*** ENTRIES SHOWN Section Begins ***
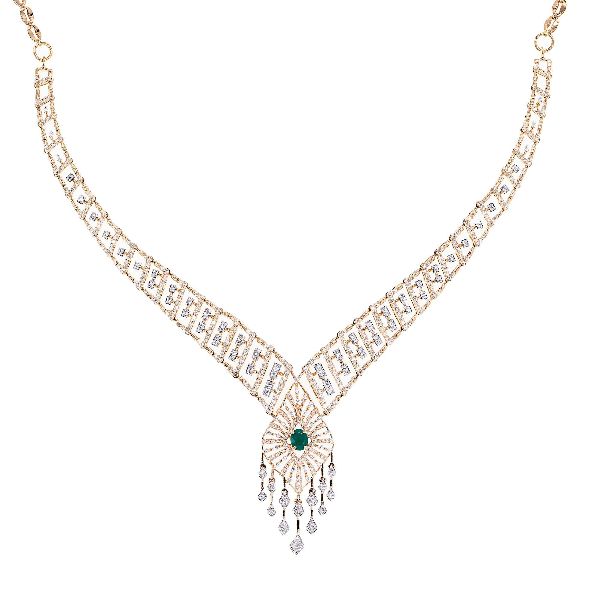 18K Rose Gold, Emerald & 2.3 CT Diamond Necklace (19.5 grams)
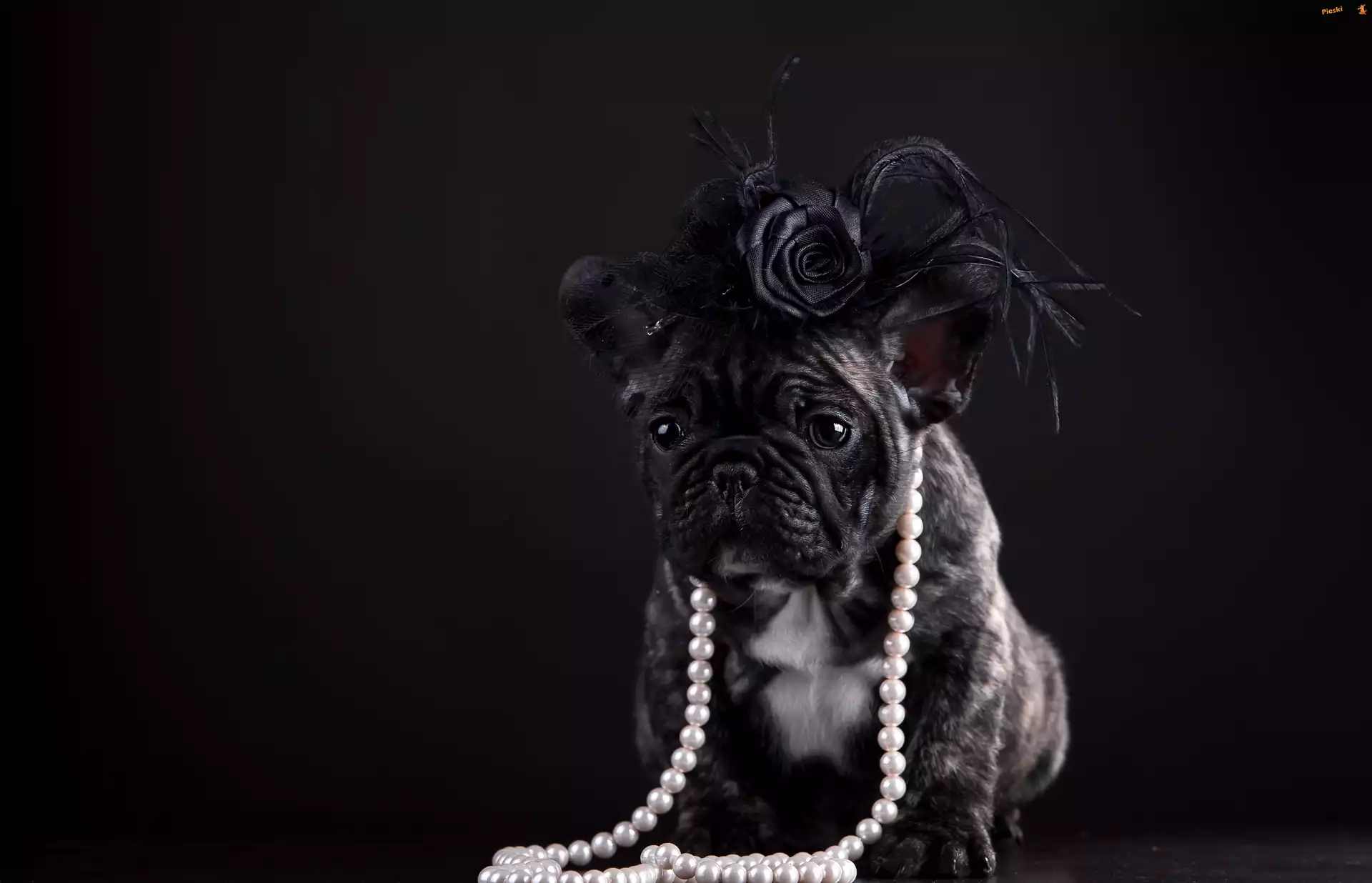 Pies , Sztuczne , Perły, Buldog, Francuski, Kwiaty
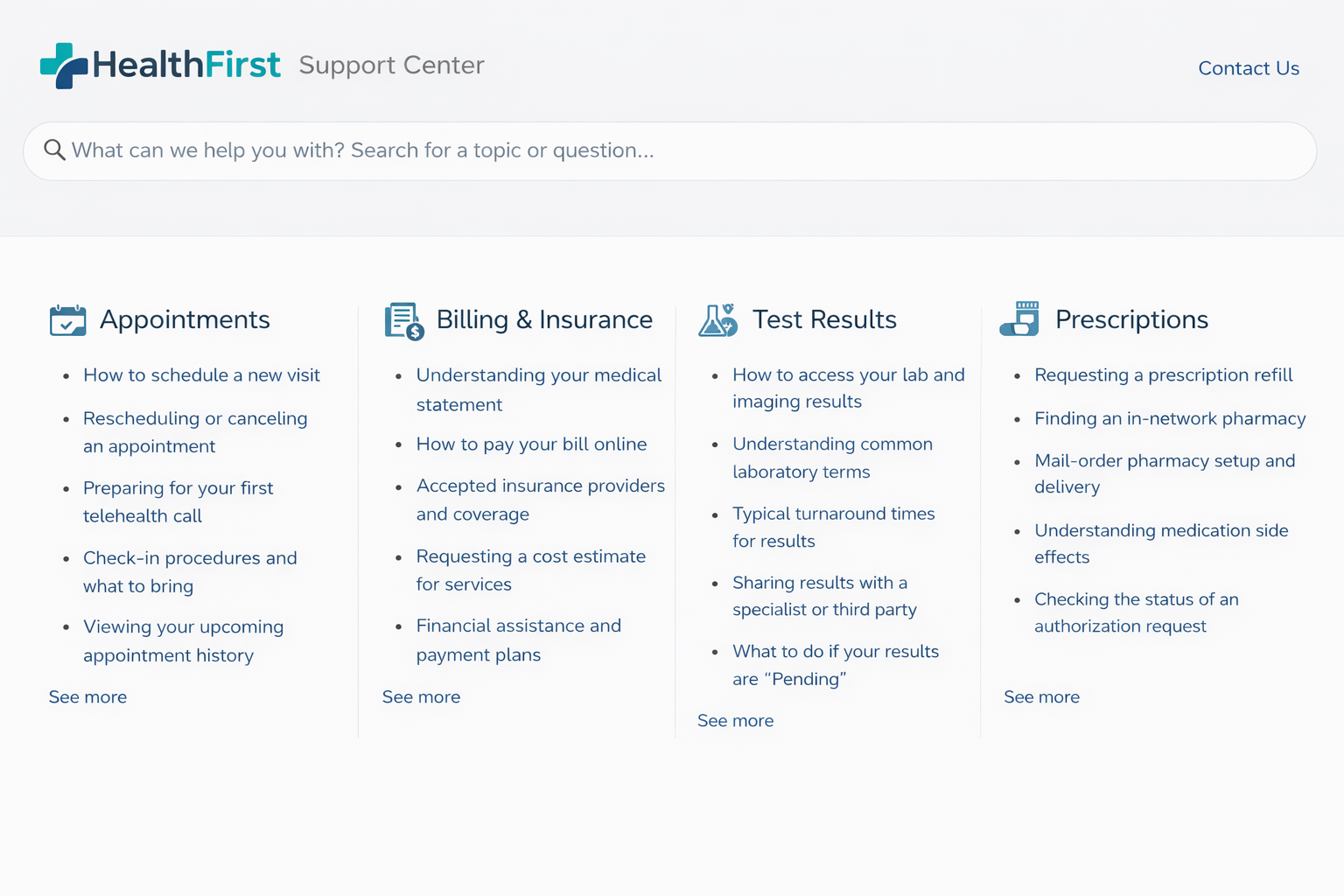 Unlike PDFs or static FAQ pages, a healthcare knowledge base is built for fast scanning and search.
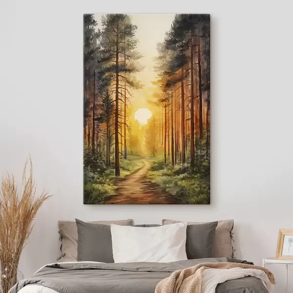 Wandbilder Sonnenuntergang im Kiefernwald, Aquarell, Naturschönheit Art. s41638
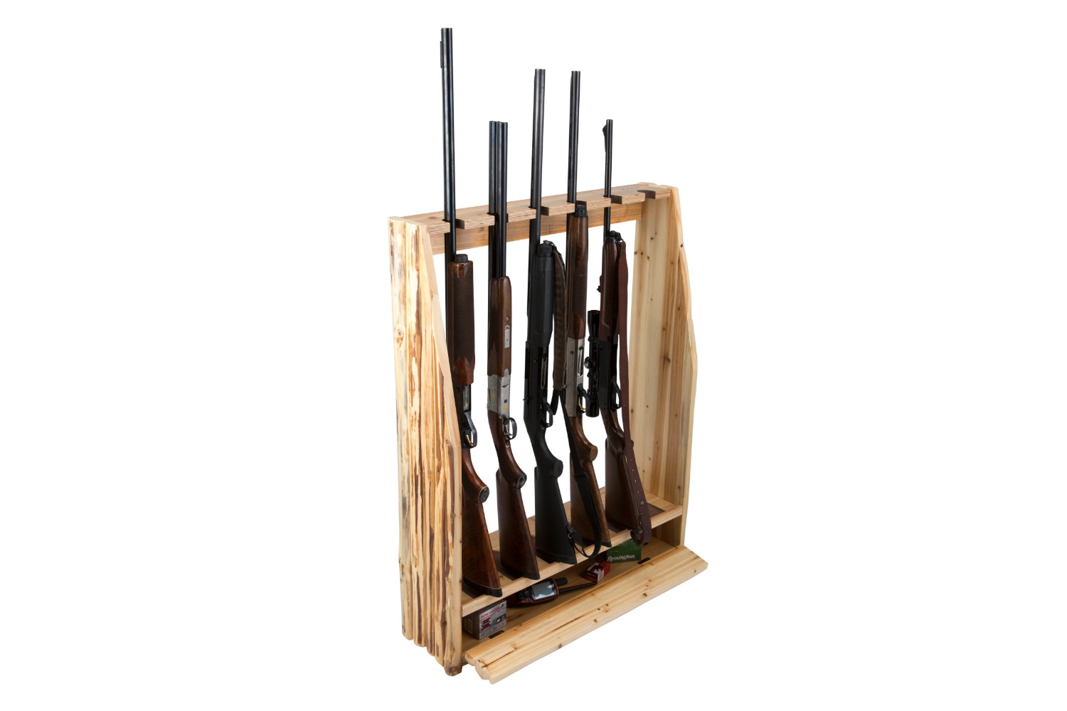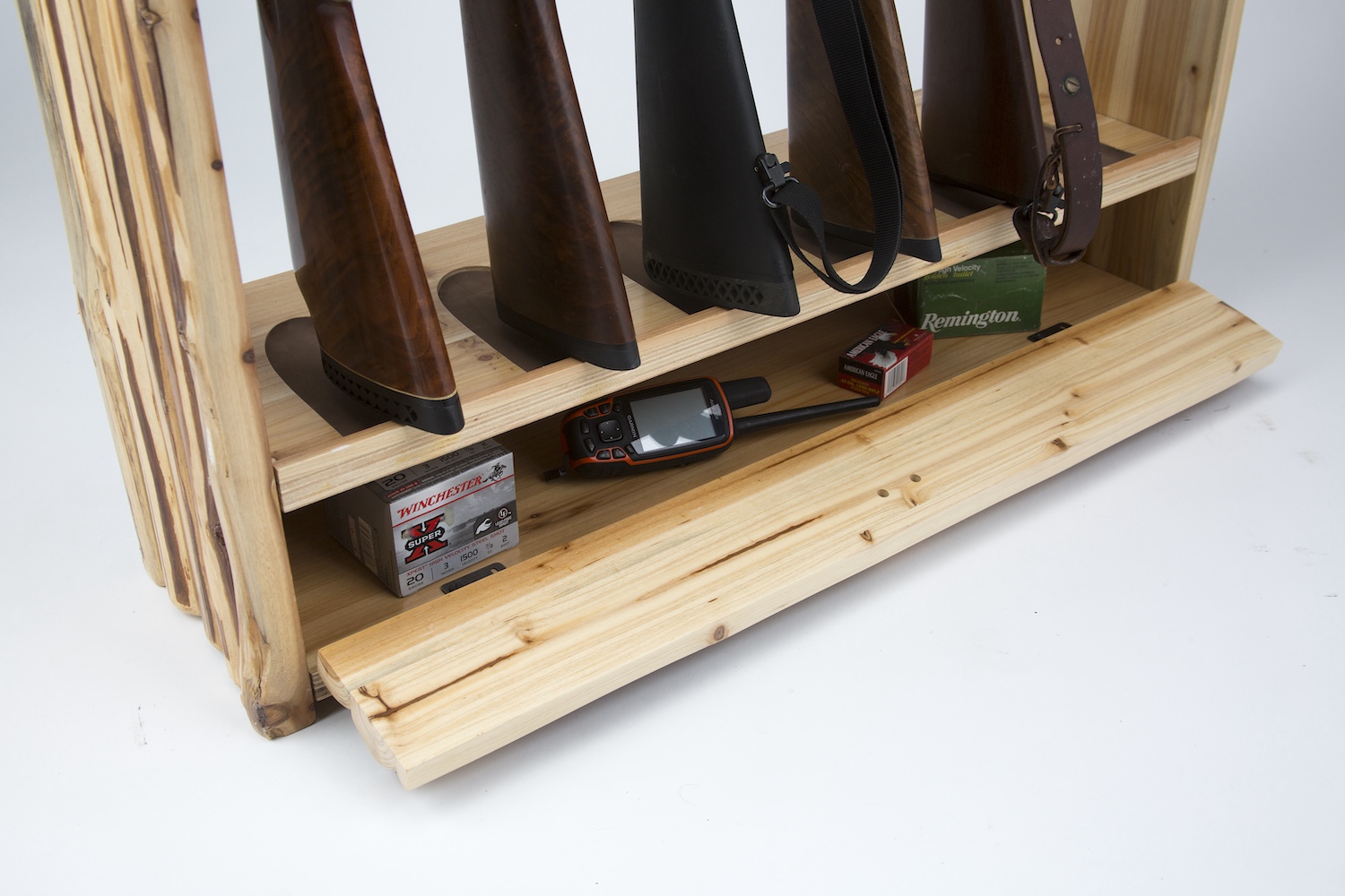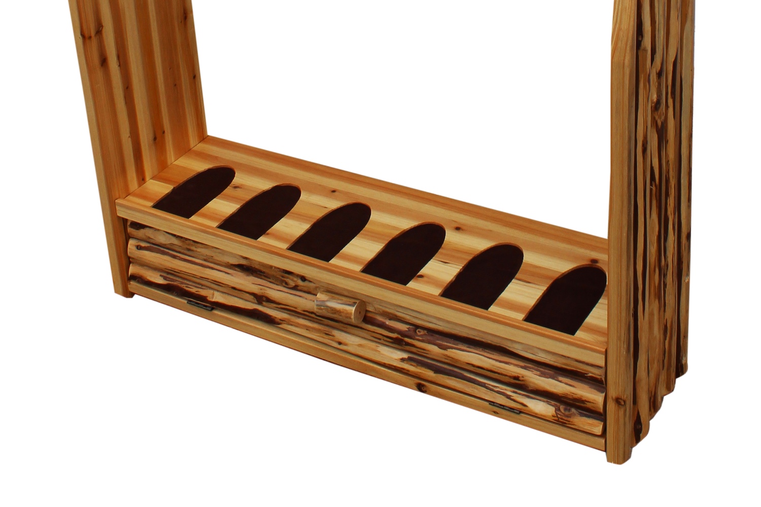 Maximize your hunting storage with the Rush Creek 6-Gun Wall Rack. Designed to hold six rifles and featuring a convenient drawer for ammo or accessories, it combines functionality with rustic style. Built from solid pine with heavy-duty side panels and a skip-peeled finish, this rack keeps your collection secure, accessible, and ready to display.
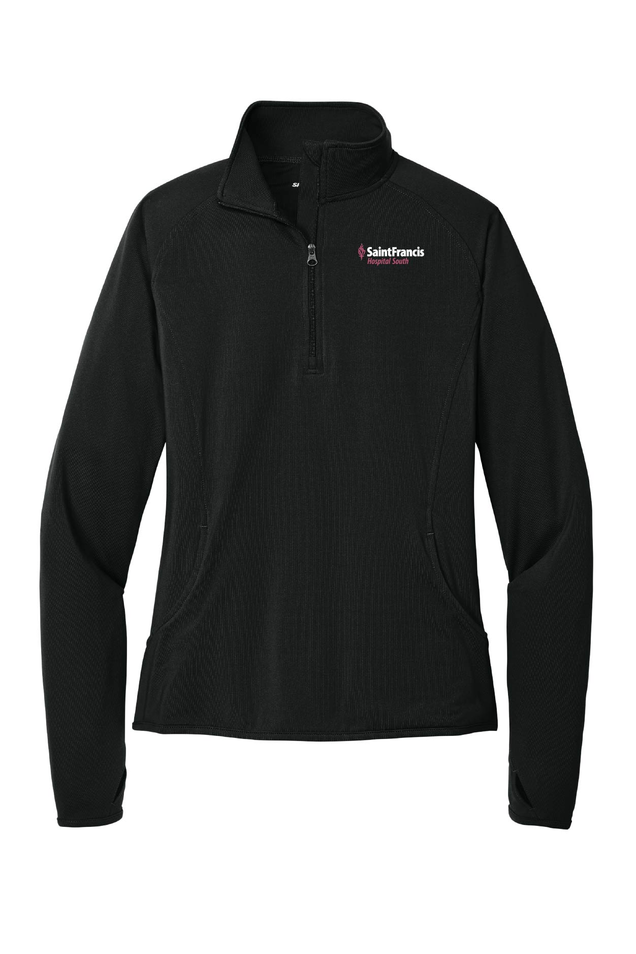 An extremely flexible layer with a soft-brushed backing and moisture control for year-round comfort. 6.8 oz., 90/10 polyester/spandex. Cadet collar with chin guard for additional comfort. Raglan sleeves and thumbholes to keep hands warm. Hidden front pouch pocket. Open cuffs and hem
*** ENTRIES SHOWN Section Ends ***
### TASK GOAL
I would like the lines from the one with "Maximize your hunting" through the last line of the data above retyped exactly, with pictures left out, please.

### FINAL ANSWER
 Maximize your hunting storage with the Rush Creek 6-Gun Wall Rack. Designed to hold six rifles and featuring a convenient drawer for ammo or accessories, it combines functionality with rustic style. Built from solid pine with heavy-duty side panels and a skip-peeled finish, this rack keeps your collection secure, accessible, and ready to display.
 An extremely flexible layer with a soft-brushed backing and moisture control for year-round comfort. 6.8 oz., 90/10 polyester/spandex. Cadet collar with chin guard for additional comfort. Raglan sleeves and thumbholes to keep hands warm. Hidden front pouch pocket. Open cuffs and hem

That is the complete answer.